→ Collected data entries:
----------
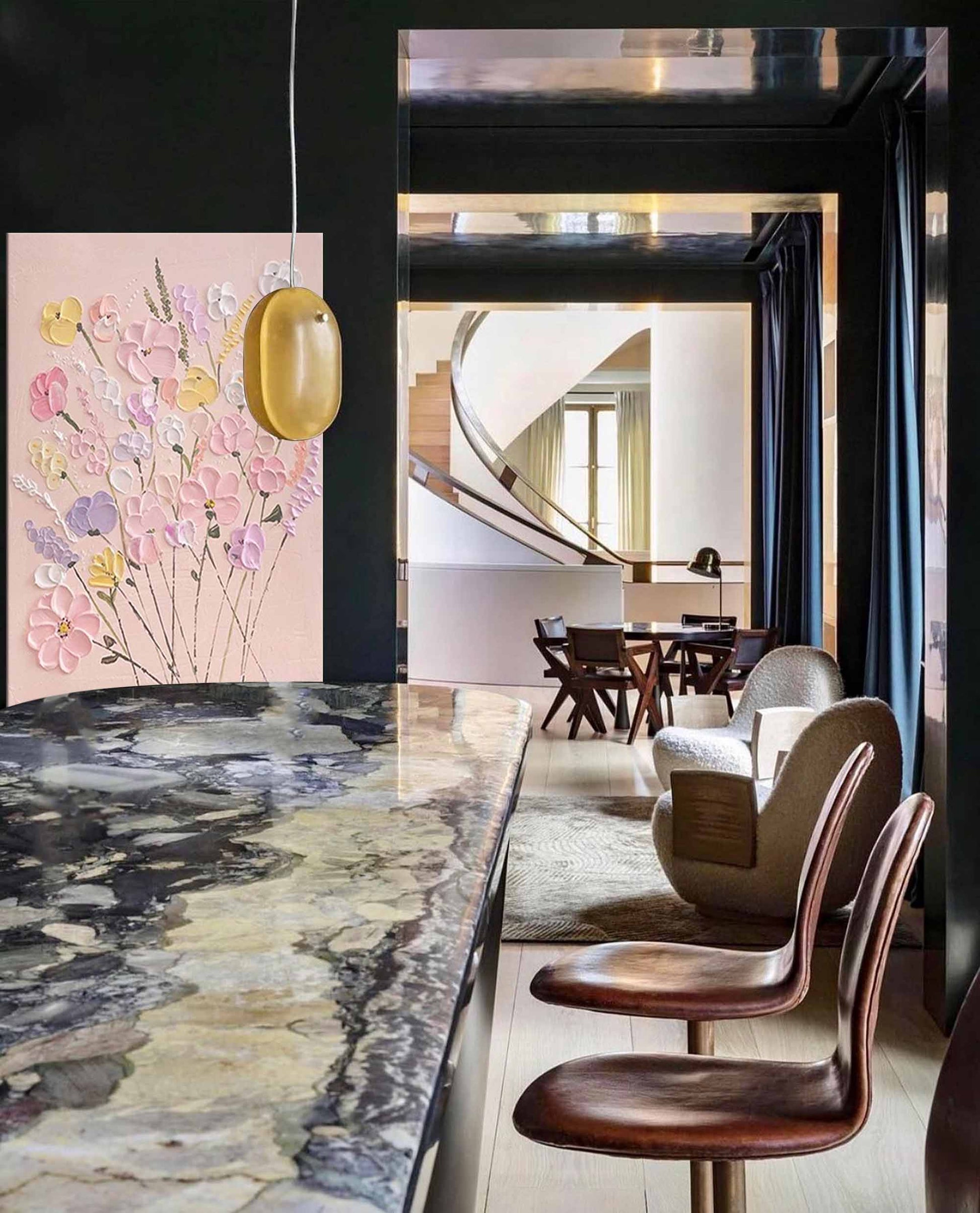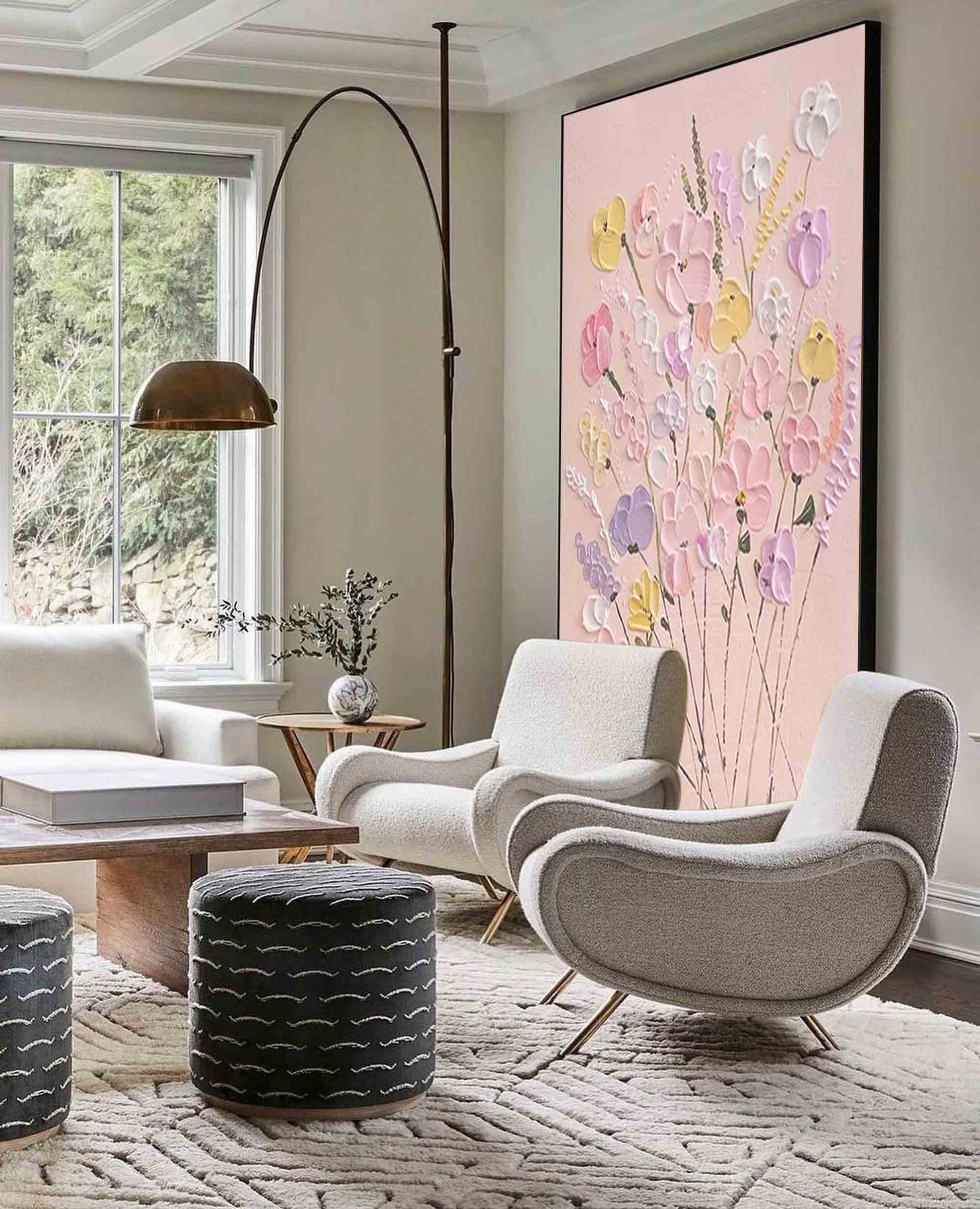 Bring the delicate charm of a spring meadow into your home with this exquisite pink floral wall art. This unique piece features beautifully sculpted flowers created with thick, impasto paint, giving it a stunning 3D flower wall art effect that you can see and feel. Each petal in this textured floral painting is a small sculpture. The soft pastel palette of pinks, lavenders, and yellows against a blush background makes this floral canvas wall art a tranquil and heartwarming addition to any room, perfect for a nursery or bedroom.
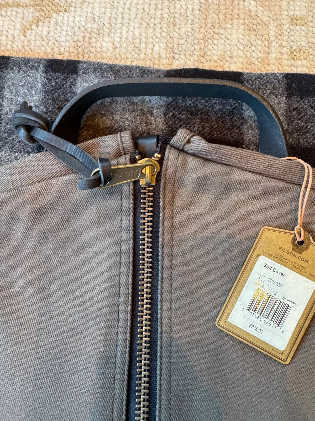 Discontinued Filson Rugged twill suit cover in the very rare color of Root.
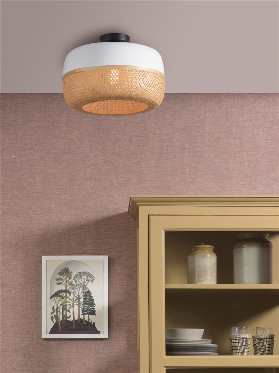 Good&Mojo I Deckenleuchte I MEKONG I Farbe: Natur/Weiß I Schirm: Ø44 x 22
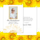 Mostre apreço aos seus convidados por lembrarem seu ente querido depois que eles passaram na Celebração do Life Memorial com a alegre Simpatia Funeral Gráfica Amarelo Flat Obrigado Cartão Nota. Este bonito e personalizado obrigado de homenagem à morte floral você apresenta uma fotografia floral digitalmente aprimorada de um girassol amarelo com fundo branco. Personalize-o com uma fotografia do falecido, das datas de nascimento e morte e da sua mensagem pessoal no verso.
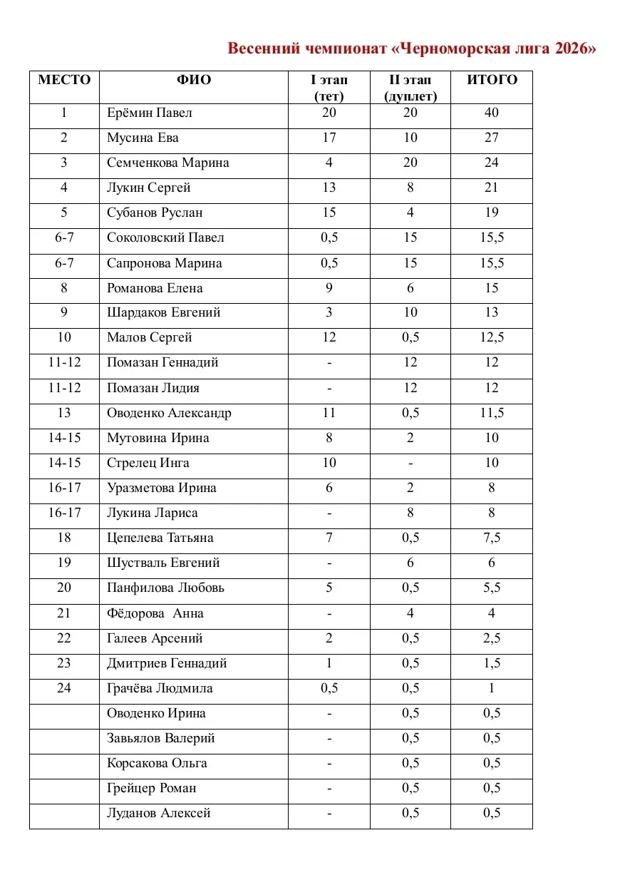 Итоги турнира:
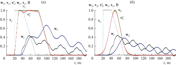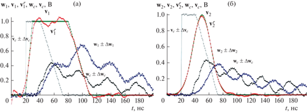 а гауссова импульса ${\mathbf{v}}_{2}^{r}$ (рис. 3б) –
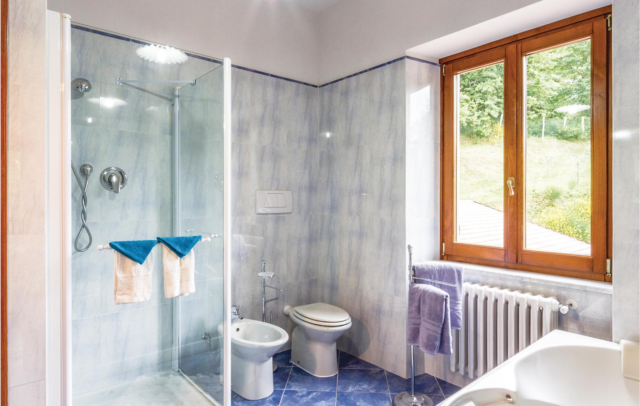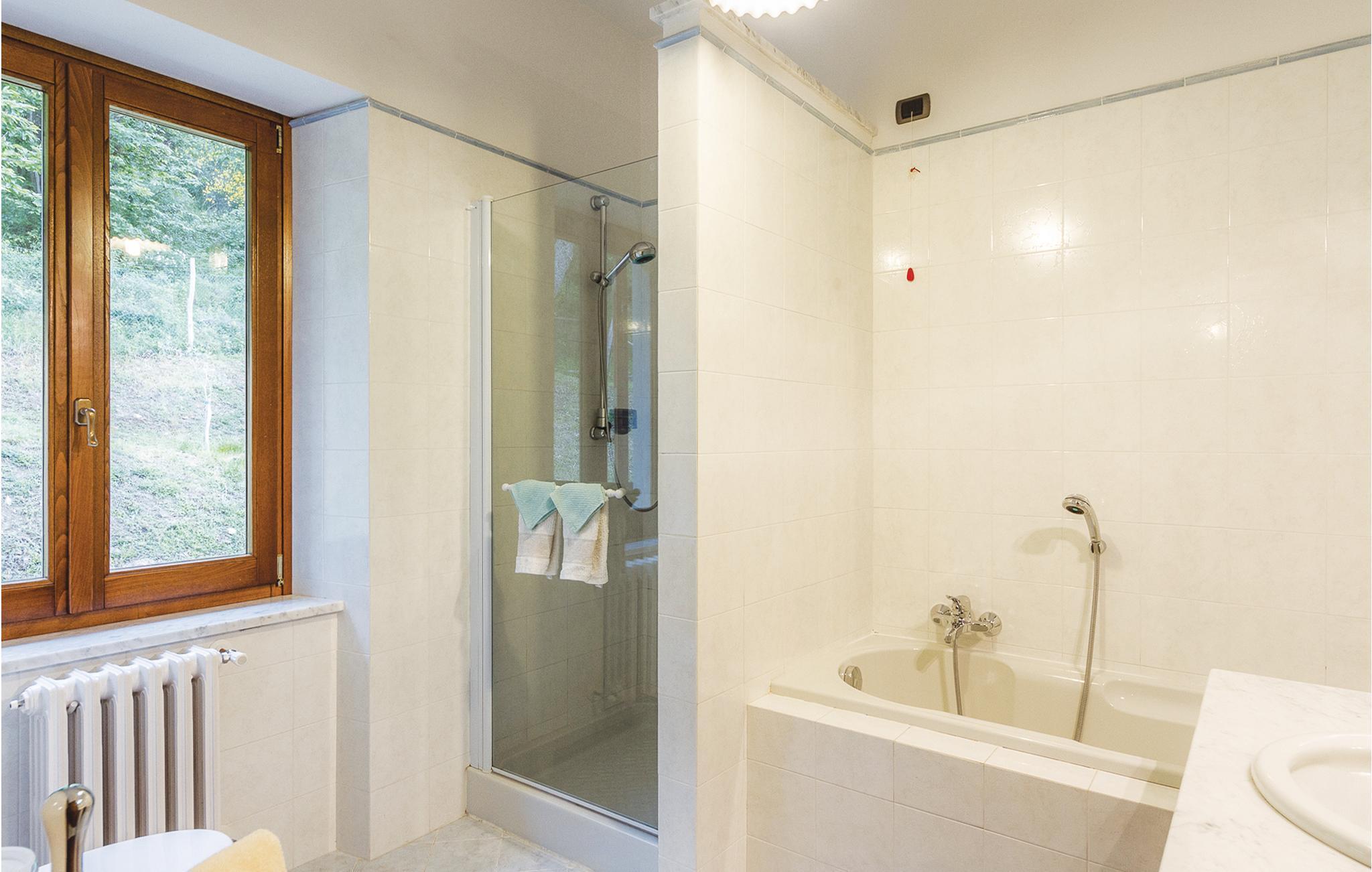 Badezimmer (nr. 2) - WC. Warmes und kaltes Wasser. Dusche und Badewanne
----------
→ Problem description:
Return each entry exactly as given. Leave the images out.

→ Task response:
 Bring the delicate charm of a spring meadow into your home with this exquisite pink floral wall art. This unique piece features beautifully sculpted flowers created with thick, impasto paint, giving it a stunning 3D flower wall art effect that you can see and feel. Each petal in this textured floral painting is a small sculpture. The soft pastel palette of pinks, lavenders, and yellows against a blush background makes this floral canvas wall art a tranquil and heartwarming addition to any room, perfect for a nursery or bedroom.
 Discontinued Filson Rugged twill suit cover in the very rare color of Root.
 Good&Mojo I Deckenleuchte I MEKONG I Farbe: Natur/Weiß I Schirm: Ø44 x 22
 Mostre apreço aos seus convidados por lembrarem seu ente querido depois que eles passaram na Celebração do Life Memorial com a alegre Simpatia Funeral Gráfica Amarelo Flat Obrigado Cartão Nota. Este bonito e personalizado obrigado de homenagem à morte floral você apresenta uma fotografia floral digitalmente aprimorada de um girassol amarelo com fundo branco. Personalize-o com uma fotografia do falecido, das datas de nascimento e morte e da sua mensagem pessoal no verso.
 Итоги турнира:
 а гауссова импульса ${\mathbf{v}}_{2}^{r}$ (рис. 3б) –
 Badezimmer (nr. 2) - WC. Warmes und kaltes Wasser. Dusche und Badewanne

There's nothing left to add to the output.